Talks
Events

Using Clojure+Spark to Find All the Topics on the Interwebs

Hunter Kelly at Clojure/conj 2015

The latest generation of big data tools such as Apache Spark routinely handle petabytes of data while also addressing real-world realities like node and network failures. Spark's (http://spark.apache.org) transformations and operations on data sets are a natural fit with Clojure's everyday use of transformations and reductions. Spark MLlib's excellent implementations of distributed machine learning algorithms puts the power of large-scale analytics in the hands of Clojure developers. At Zalando's Dublin Fashion Insights Centre, we're using the Clojure bindings to Spark and MLlib to answer fashion-related questions that until recently have been nearly impossible to answer quantitatively.

At the Dublin Fashion Insights Centre, we are exploring methods of categorising the web into a set of known fashion related topics. This raises questions such as: How many fashion related topics are there? How closely are they related to each other, or to other non-fashion topics? Furthermore, what topic hierarchies exist in this landscape? Using Clojure and MLlib to harness the data available from crowd-sourced websites such as DMOZ (http://www.dmoz.org, a categorisation of millions of websites) and Common Crawl (http://commoncrawl.org, a monthly crawl of billions of websites), we are answering these questions to understand fashion in a quantitative manner.

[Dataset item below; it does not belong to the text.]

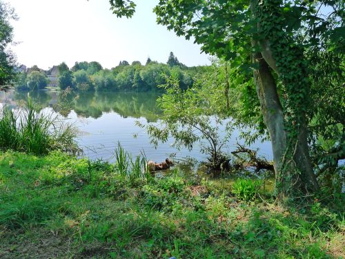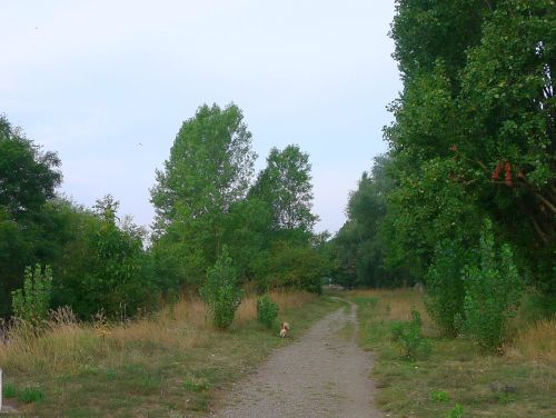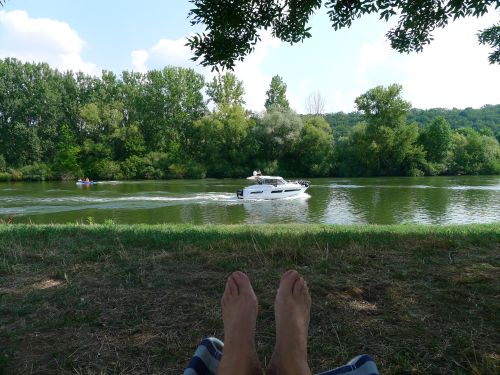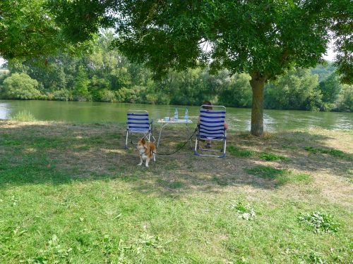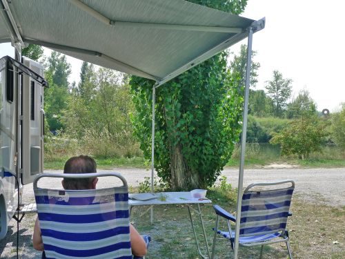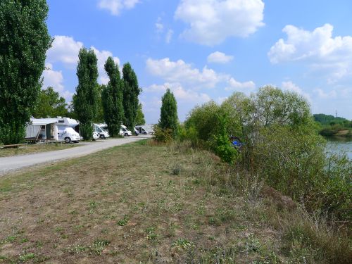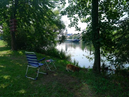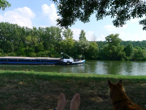 Wir stehen in der ersten Reihe neben einer dicken Pappel, die uns Schatten gibt. Die Schiffe sehen wir auch, die Nachbarn sind nett, Spazierwege gibts ohne Ende, alles ist gut.

About the speaker: Hunter Kelly is a software engineer at Zalando's Fashion Insights Centre in Dublin, Ireland, where he works on an interesting mix of big data and machine learning projects. He's a graduate of the University of California at Berkeley, where he pretty much lived in Emacs and spent too much time hacking in elisp. Ever since, he has yearned for a language with the expressive power of Lisp that could actually be used in the real world. Since learning about Clojure in its early days, he has enjoyed exploring how to think about and express problems in it. Before joining Zalando in 2015, he spent years in the trenches working at companies such as Pixar, Google, a few dot booms, and a few dot flops.